My issue is that for some of my calculations, whatever the node I am running on and whatever the number of CPU I am using the calculation stop at the same point with an error message with segmentation fault. For instance

[node09:64850:0:64850] Caught signal 11 (Segmentation fault: address not mapped to object at address 0xef9bdbd0)
==== backtrace (tid: 64850) ====
0 /home/hgeindre/miniconda3/envs/lammps-env/bin/…/lib/libucs.so.0(ucs_handle_error+0x2fd) [0xa36484d]
1 /home/hgeindre/miniconda3/envs/lammps-env/bin/…/lib/libucs.so.0(+0x2fa3f) [0xa364a3f]
2 /home/hgeindre/miniconda3/envs/lammps-env/bin/…/lib/libucs.so.0(+0x2fc0a) [0xa364c0a]
3 /lib64/libc.so.6(+0x4e5b0) [0x99b95b0]
4 /home/hgeindre/miniconda3/envs/lammps-env/bin/…/lib/liblammps.so.0(+0x1178c03) [0x8a28c03]
5 /home/hgeindre/miniconda3/envs/lammps-env/bin/…/lib/liblammps.so.0(_ZN6ReaxFF14Compute_ForcesEPNS_11reax_systemEPNS_14control_paramsEPNS_15simulation_dataEPNS_7storageEPPNS_9reax_listE+0x31e) [0x8a29b1e]
6 /home/hgeindre/miniconda3/envs/lammps-env/bin/…/lib/liblammps.so.0(_ZN9LAMMPS_NS10PairReaxFF7computeEii+0x12b) [0x8a1c84b]
7 /home/hgeindre/miniconda3/envs/lammps-env/bin/…/lib/liblammps.so.0(_ZN9LAMMPS_NS6Verlet3runEi+0x22d) [0x837d9bd]
8 /home/hgeindre/miniconda3/envs/lammps-env/bin/…/lib/liblammps.so.0(_ZN9LAMMPS_NS3Run7commandEiPPc+0xe0c) [0x83056ac]
9 /home/hgeindre/miniconda3/envs/lammps-env/bin/…/lib/liblammps.so.0(_ZN9LAMMPS_NS5Input15execute_commandEv+0x8c8) [0x812b118]
10 /home/hgeindre/miniconda3/envs/lammps-env/bin/…/lib/liblammps.so.0(_ZN9LAMMPS_NS5Input4fileEv+0x192) [0x812bfa2]
11 lmp(main+0x51) [0x10a281]
12 /lib64/libc.so.6(__libc_start_main+0xe5) [0x99a57e5]
13 lmp(+0x2303) [0x10a303]
=================================

I tried to use valgrind but I have a hard time reading the output. If someone could help me identify where the issue comes from it would be great, I thought it could be a RAM issue but it also happens with pretty small systems and I looked at the RAM usage it seems quite low compared to the available RAM.

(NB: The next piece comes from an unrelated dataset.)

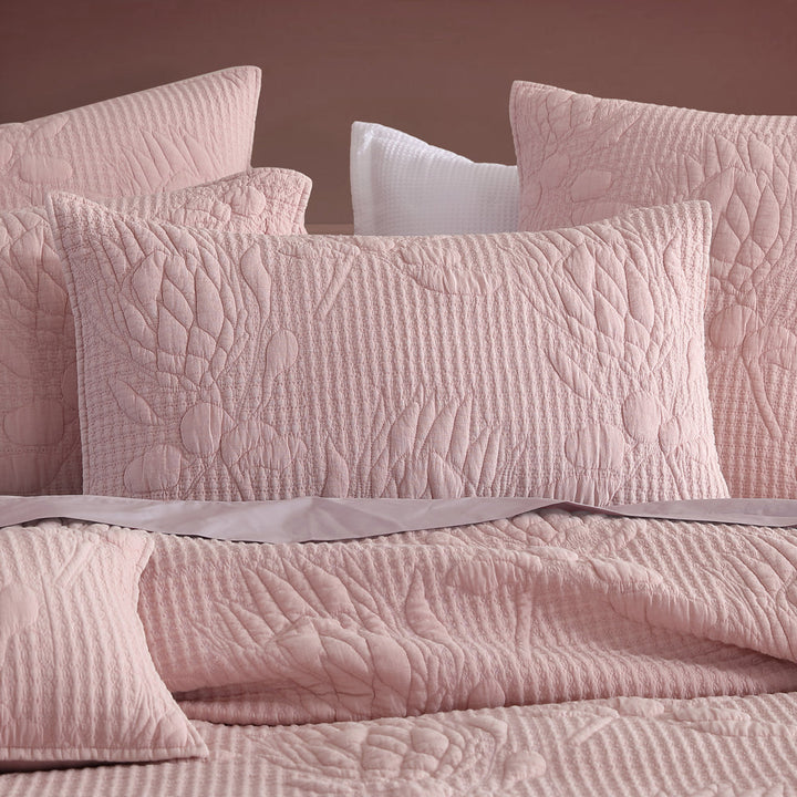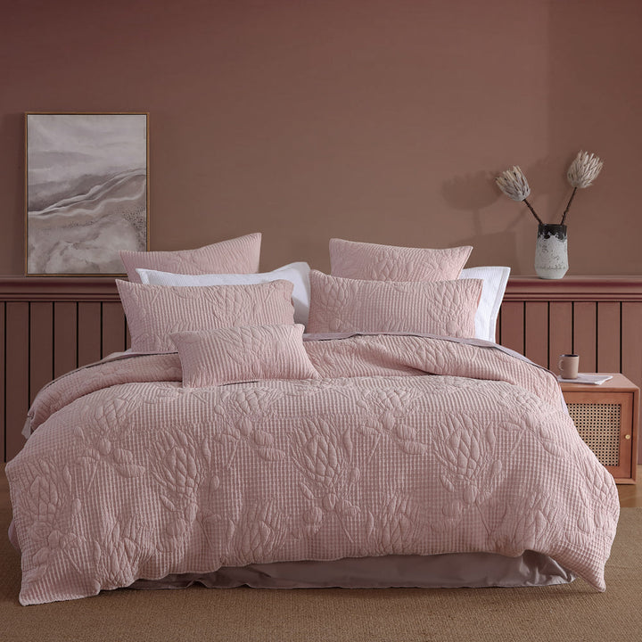 Platinum Logan and Mason Flourish Rose Super King Quilt Cover. Native Australian flora takes centre stage with this design. The quilt cover features stylized Proteas, meticulously quilted to create a dramatic effect against a charming star-like embroidered background. The highly textured fabric adds depth, while the fresh colour Rose has been stonewashed imparting a vintage and weathered aesthetic. Complete with a simple bound edge, Flourish brings a touch of nature’s beauty indoors with a perfect blend of style and comfort.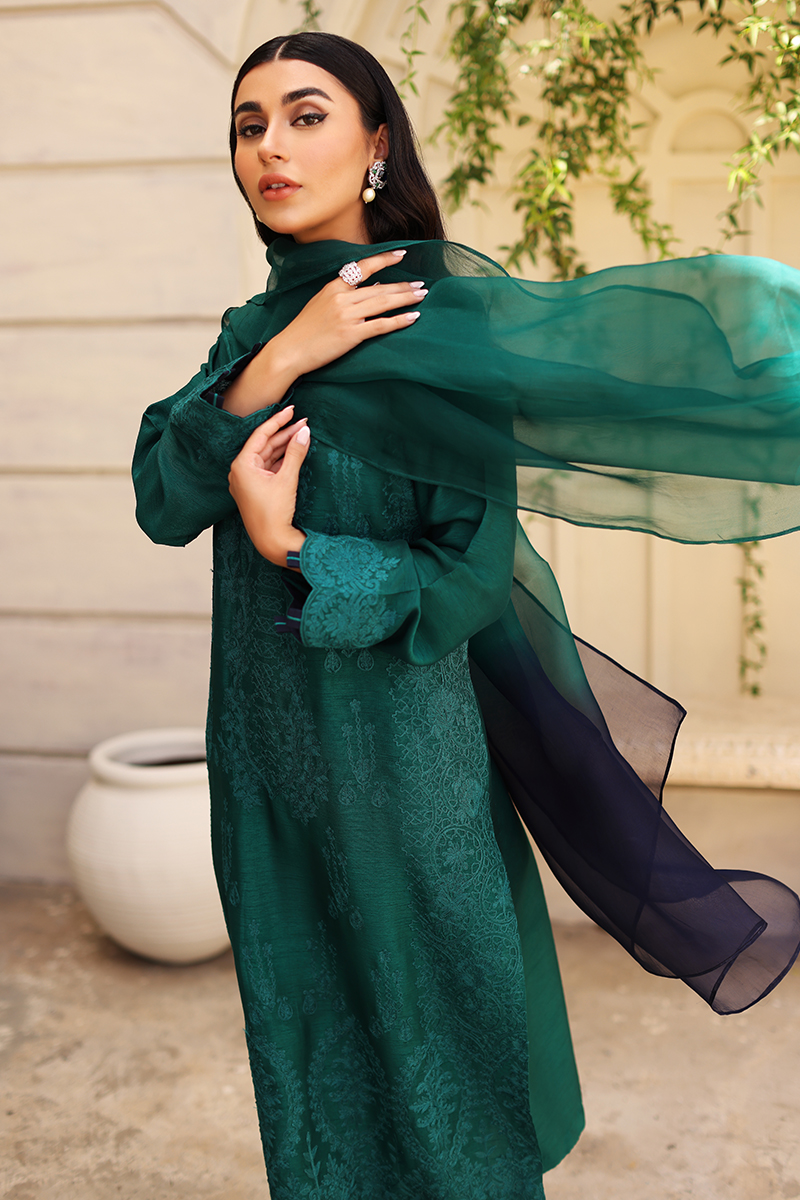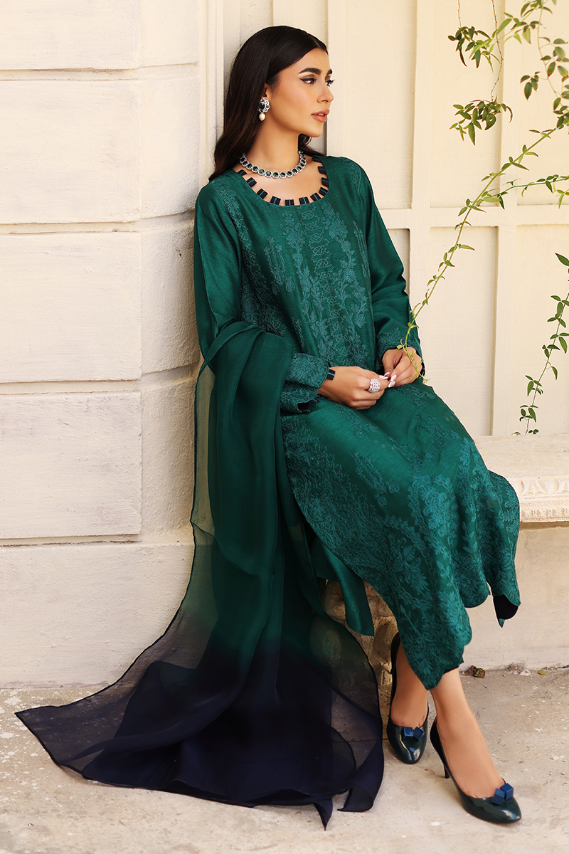 An emerald base korean silk canvas adorned with embroidery all over. Matching dupatta and pants can be paired to elevates your look this season.

here’s a link with the input, output, submission file and valgrind output of an instance of calculation failing since I can’t upload files as a new user: https://user.fm/files/v2-69b60c25a7167b684535aec6d9b82d34/msci-segfault-lammps.tar.gz

Best,
Hugo Geindre.

Your tar file is missing the data file, so it is not possible to reproduce your issue independently.

However, from what I see it is most likely, that you are suffering from a general problem of the standard implementation of ReaxFF in LAMMPS. It uses a heuristic guess on how much memory to allocate for bonded interactions and hydrogen bonds based on the existing density. But that will fail when you are compressing your system and thus the number of those will grow and eventually you will be having out-of-bounds memory accesses since the allocated buffers are insufficient.

To some degree, this can be accommodated by increasing the safezone parameter to the pair style command, but it is generally recommended to compile the KOKKOS package version (you don’t need a GPU for that, but can also use MPI and OpenMP parallelization), as it has a different, more robust memory management approach.

If that is not sufficient, you can break down your simulation into multiple chunks and thus have a re-initialization of the internal array buffers at each step.

You may also consider upgrading to the most recent version of LAMMPS for additional improvements and bug fixes (unrelated to your specific issue at hand).

Thanks a lot. I updated the tar file with the .data and the force field parameters. I will try the different solutions you proposed.

I tried to increase safezone and it’s working for now for what I want to do. I keep the other solutions in mind in case I run into other issues, but for now it’s all good. Thanks a lot for your help!